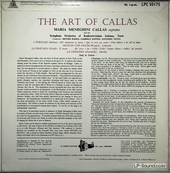 THE ART OF MARIA CALLAS TRISTAN PURITANI TRAVIATA ETC CETRA > 성악곡
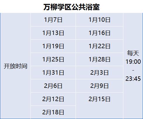 1.公共浴室自2022年1月7日至2月20日期间,每隔两天开放一次,2月21日起恢复正常,具体开放时间如下:
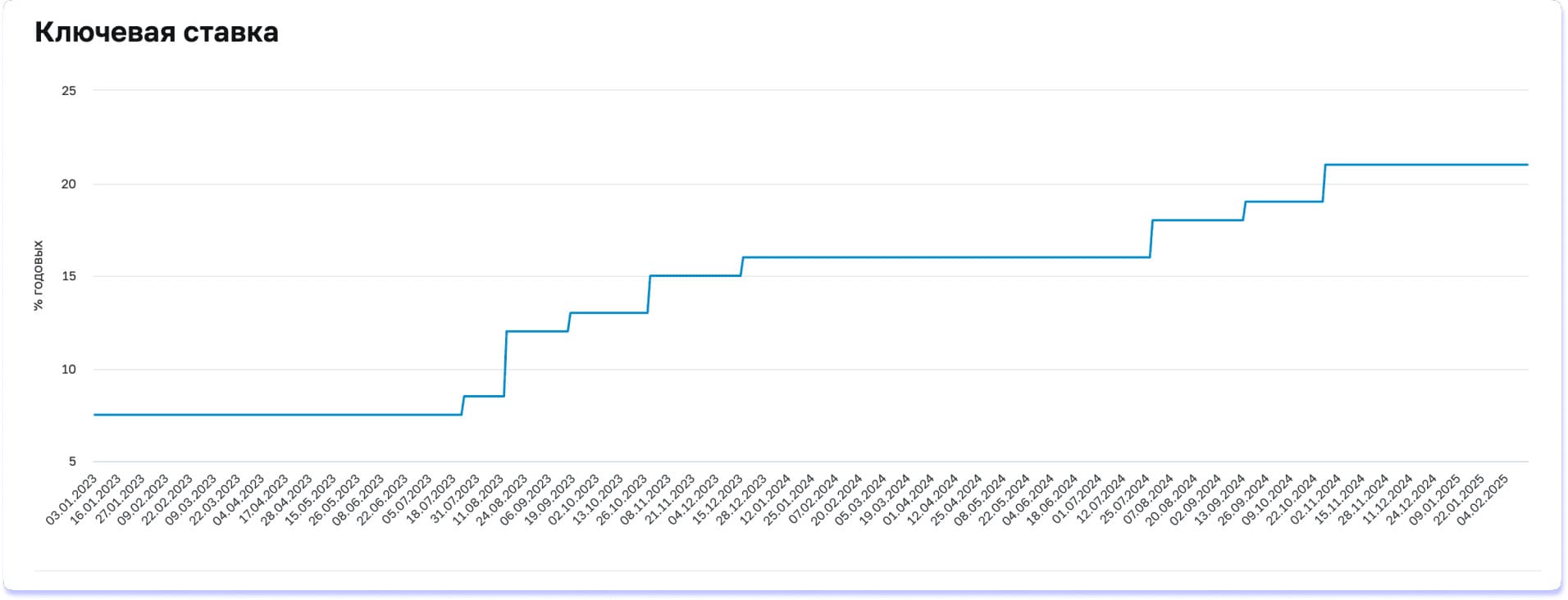 Центробанк устанавливает ключевую ставку на регулярных заседаниях, которые проходят 8 раз в год, а также на внеплановых встречах. Так, начиная с 2023 года по февраль 2025 года ключевая ставка менялась восемь раз: с 7,5% до 21%.
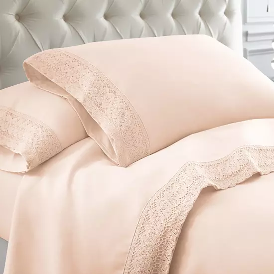You’ll enjoy the elegant look this Pacific Coast Textiles crochet lace sheet set brings to your bed.
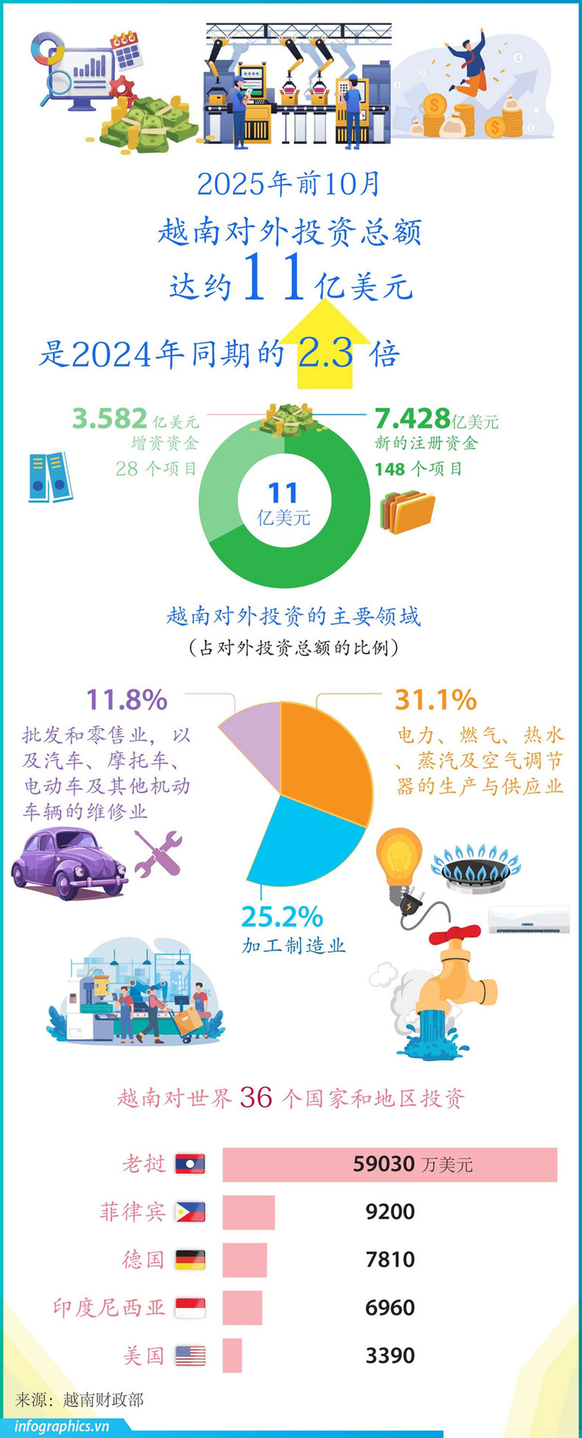 (北宁报网)2025年前十个月,越南对外投资总额(包括新增资金和新的注册资金)达11亿美元,是2024年同期的2.3倍。
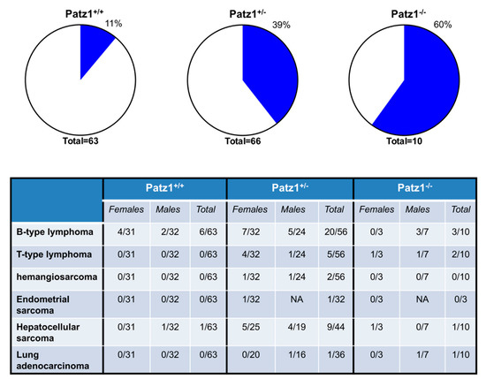Malignant tumors in PATZ1 knockout mice. Percentage of mice showing malignant tumors are showed in pie charts on the top. The specific tumor phenotype, and relative number of mice showing it, is reported in the table. The mice analyzed were wild-type (Patz1+/+) and carrying one (Patz1+/−) or two (Patz1−/−) knockout allele. NA = not applicable.
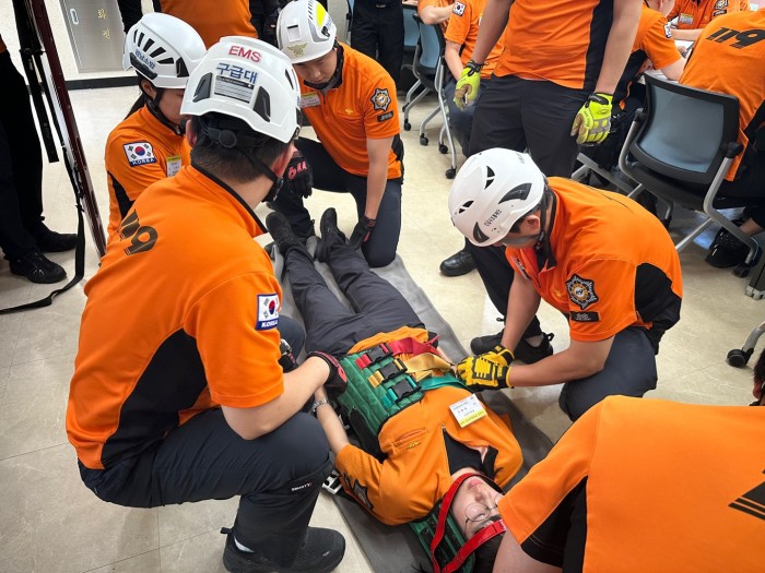 특히 환자 운반 실습을 중점적 실시해 환자 운반 시 구급대원의 부상을 유발하는 습관을 객관적 관찰(영상 촬영)을 통해 보완하고, 구급 활동 시 급격한 움직임으로 인한 부상을 막기 위한 스트레칭·근력 단력법도 실습했다.
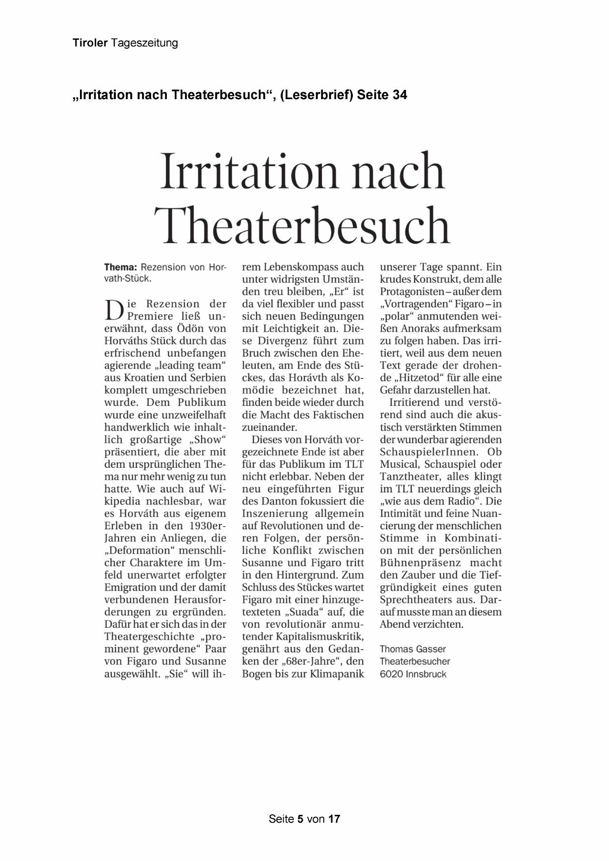 „Irritation nach Theaterbesuch“, (Leserbrief) Seite 34
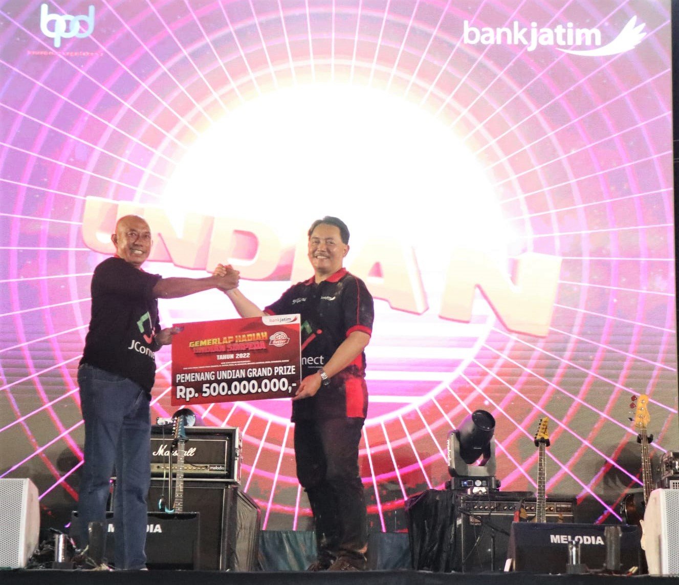 Dikatakannya, Bank Jatim mengundi total hadiah sebesar Rp6,65 miliar. Hadiah tersebut masing-masing senilai Rp 100 juta dan Rp 50 juta untuk nasabah di 41 Cabang Bank Jatim yang tersebar di Jawa Timur, Jakarta, dan Batam. “Serta hadiah grandprize Rp 500 juta untuk 1 nasabah Simpeda Bank Jatim yang beruntung pada malam ini,” ungkap Busrul Iman.
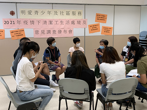 明愛青少年及社區服務指在1至5月進行「2021年疫情下清潔工生活處境及意見調查」,訪問了5區合共607位外判清潔工人,並發現3項調查重點。
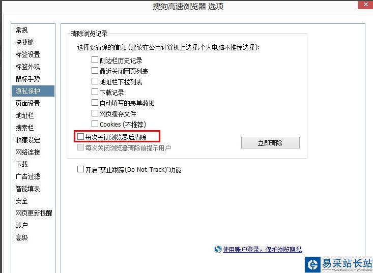 步驟二:進入“搜狗高速瀏覽器選項”找到”隱私保護選項“在右側可以看到“每次關閉瀏覽器清除”我們把他打勾,然后點擊“應用”點擊“確定”。
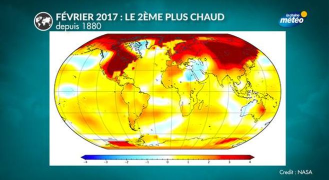 Indiquons aussi que le mois de février écoulé fut le 2ème le plus chaud enregistré au niveau planétaire depuis le début des relevés, avec +1,1°C au-dessus des moyennes (les chiffres officiels sont compris entre une anomalie de +0.9°C et +1,1C°). Seules quelques anomalies froides vers la mer du Labrador ainsi qu'au Moyen Orient (Pays du Golfe) ont été observées.
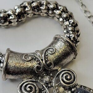Silver tone Thick Chain Necklace with Large Black Oval Pendant
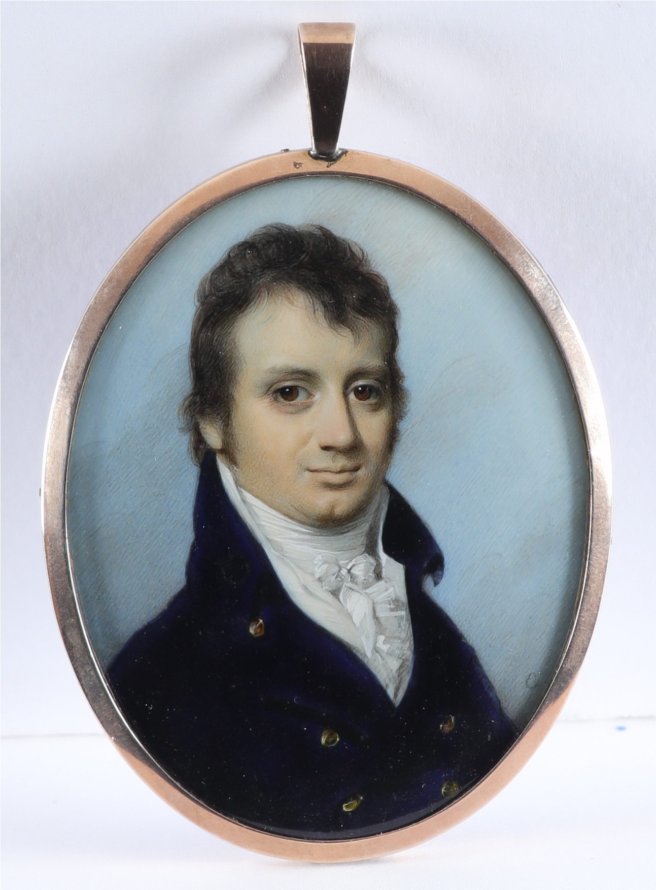 Portrait miniature of Matthew Vaughan, in a blue jacket and white stock

******

### What you need to do
Word-for-word copy, no pictures: write out the entries above in full.

### Task result
 THE ART OF MARIA CALLAS TRISTAN PURITANI TRAVIATA ETC CETRA > 성악곡
 1.公共浴室自2022年1月7日至2月20日期间,每隔两天开放一次,2月21日起恢复正常,具体开放时间如下:
 Центробанк устанавливает ключевую ставку на регулярных заседаниях, которые проходят 8 раз в год, а также на внеплановых встречах. Так, начиная с 2023 года по февраль 2025 года ключевая ставка менялась восемь раз: с 7,5% до 21%.
You’ll enjoy the elegant look this Pacific Coast Textiles crochet lace sheet set brings to your bed.
 (北宁报网)2025年前十个月,越南对外投资总额(包括新增资金和新的注册资金)达11亿美元,是2024年同期的2.3倍。
Malignant tumors in PATZ1 knockout mice. Percentage of mice showing malignant tumors are showed in pie charts on the top. The specific tumor phenotype, and relative number of mice showing it, is reported in the table. The mice analyzed were wild-type (Patz1+/+) and carrying one (Patz1+/−) or two (Patz1−/−) knockout allele. NA = not applicable.
 특히 환자 운반 실습을 중점적 실시해 환자 운반 시 구급대원의 부상을 유발하는 습관을 객관적 관찰(영상 촬영)을 통해 보완하고, 구급 활동 시 급격한 움직임으로 인한 부상을 막기 위한 스트레칭·근력 단력법도 실습했다.
 „Irritation nach Theaterbesuch“, (Leserbrief) Seite 34
 Dikatakannya, Bank Jatim mengundi total hadiah sebesar Rp6,65 miliar. Hadiah tersebut masing-masing senilai Rp 100 juta dan Rp 50 juta untuk nasabah di 41 Cabang Bank Jatim yang tersebar di Jawa Timur, Jakarta, dan Batam. “Serta hadiah grandprize Rp 500 juta untuk 1 nasabah Simpeda Bank Jatim yang beruntung pada malam ini,” ungkap Busrul Iman.
 明愛青少年及社區服務指在1至5月進行「2021年疫情下清潔工生活處境及意見調查」,訪問了5區合共607位外判清潔工人,並發現3項調查重點。
 步驟二:進入“搜狗高速瀏覽器選項”找到”隱私保護選項“在右側可以看到“每次關閉瀏覽器清除”我們把他打勾,然后點擊“應用”點擊“確定”。
 Indiquons aussi que le mois de février écoulé fut le 2ème le plus chaud enregistré au niveau planétaire depuis le début des relevés, avec +1,1°C au-dessus des moyennes (les chiffres officiels sont compris entre une anomalie de +0.9°C et +1,1C°). Seules quelques anomalies froides vers la mer du Labrador ainsi qu'au Moyen Orient (Pays du Golfe) ont été observées.
Silver tone Thick Chain Necklace with Large Black Oval Pendant
 Portrait miniature of Matthew Vaughan, in a blue jacket and white stock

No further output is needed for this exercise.